EXERCISE MATERIAL:
▽
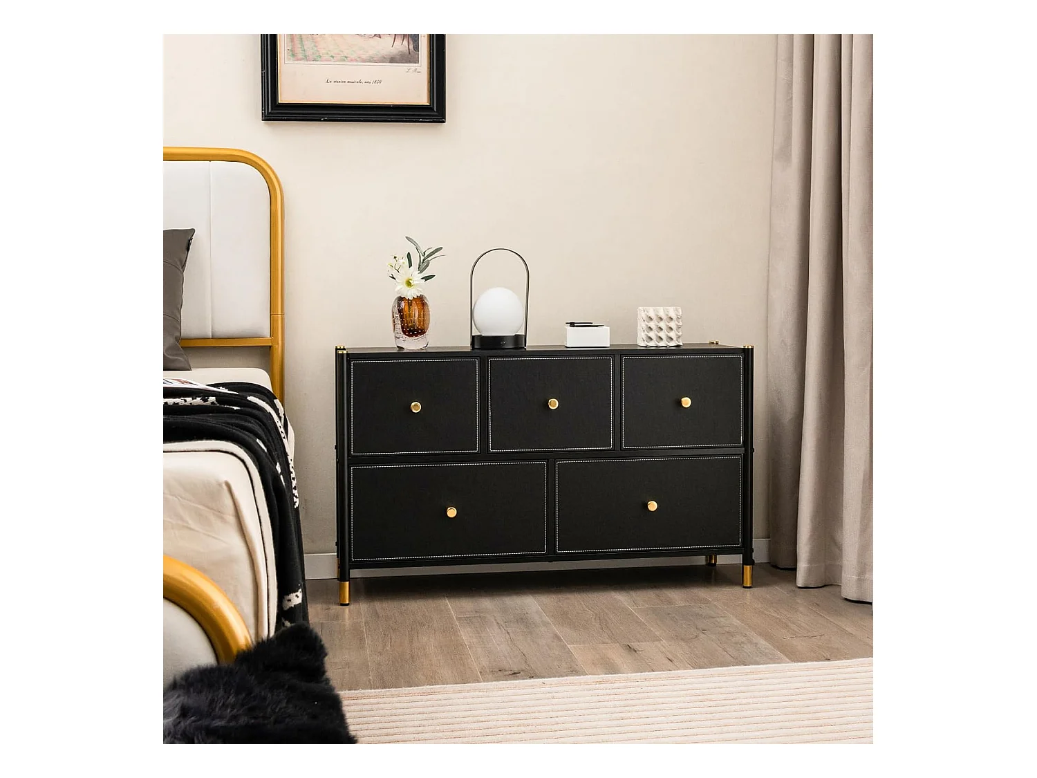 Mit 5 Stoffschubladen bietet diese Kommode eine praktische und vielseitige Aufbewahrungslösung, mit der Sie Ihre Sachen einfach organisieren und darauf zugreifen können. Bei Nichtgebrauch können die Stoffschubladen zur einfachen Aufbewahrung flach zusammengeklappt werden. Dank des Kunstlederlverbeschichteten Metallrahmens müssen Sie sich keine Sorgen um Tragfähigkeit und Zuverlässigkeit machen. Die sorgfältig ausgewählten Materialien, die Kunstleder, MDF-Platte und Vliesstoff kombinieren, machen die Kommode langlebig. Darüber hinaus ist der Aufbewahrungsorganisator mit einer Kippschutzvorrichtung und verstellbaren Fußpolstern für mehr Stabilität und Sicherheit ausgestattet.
△
▽
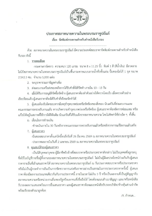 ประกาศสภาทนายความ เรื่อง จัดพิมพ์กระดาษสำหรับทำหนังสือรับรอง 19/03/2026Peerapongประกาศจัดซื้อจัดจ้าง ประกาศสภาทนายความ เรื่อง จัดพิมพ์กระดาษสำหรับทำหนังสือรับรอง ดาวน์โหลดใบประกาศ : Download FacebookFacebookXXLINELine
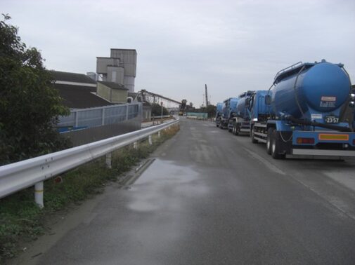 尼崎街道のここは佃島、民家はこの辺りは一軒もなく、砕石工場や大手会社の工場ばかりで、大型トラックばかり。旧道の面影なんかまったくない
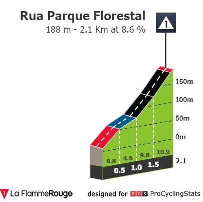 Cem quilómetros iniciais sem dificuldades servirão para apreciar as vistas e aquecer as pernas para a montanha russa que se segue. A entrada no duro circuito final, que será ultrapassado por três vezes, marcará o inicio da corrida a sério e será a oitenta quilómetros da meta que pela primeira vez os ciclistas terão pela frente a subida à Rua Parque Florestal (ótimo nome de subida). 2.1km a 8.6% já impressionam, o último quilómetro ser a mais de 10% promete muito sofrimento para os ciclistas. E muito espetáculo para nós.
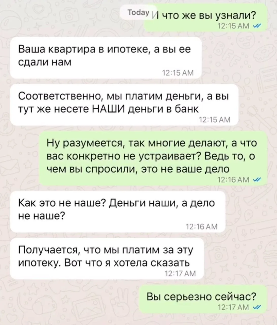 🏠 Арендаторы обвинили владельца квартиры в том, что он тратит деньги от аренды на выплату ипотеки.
△
WHAT YOU HAVE TO DO: Go to the line above that has "ดาวน์โหลดใบประกาศ : Download FacebookFacebookXXLINELine" and copy exactly from there down to the line that has "на выплату ипотеки.", both included. Leave the pictures out.

ANSWER BELOW:
 ประกาศสภาทนายความ เรื่อง จัดพิมพ์กระดาษสำหรับทำหนังสือรับรอง 19/03/2026Peerapongประกาศจัดซื้อจัดจ้าง ประกาศสภาทนายความ เรื่อง จัดพิมพ์กระดาษสำหรับทำหนังสือรับรอง ดาวน์โหลดใบประกาศ : Download FacebookFacebookXXLINELine
 尼崎街道のここは佃島、民家はこの辺りは一軒もなく、砕石工場や大手会社の工場ばかりで、大型トラックばかり。旧道の面影なんかまったくない
 Cem quilómetros iniciais sem dificuldades servirão para apreciar as vistas e aquecer as pernas para a montanha russa que se segue. A entrada no duro circuito final, que será ultrapassado por três vezes, marcará o inicio da corrida a sério e será a oitenta quilómetros da meta que pela primeira vez os ciclistas terão pela frente a subida à Rua Parque Florestal (ótimo nome de subida). 2.1km a 8.6% já impressionam, o último quilómetro ser a mais de 10% promete muito sofrimento para os ciclistas. E muito espetáculo para nós.
 🏠 Арендаторы обвинили владельца квартиры в том, что он тратит деньги от аренды на выплату ипотеки.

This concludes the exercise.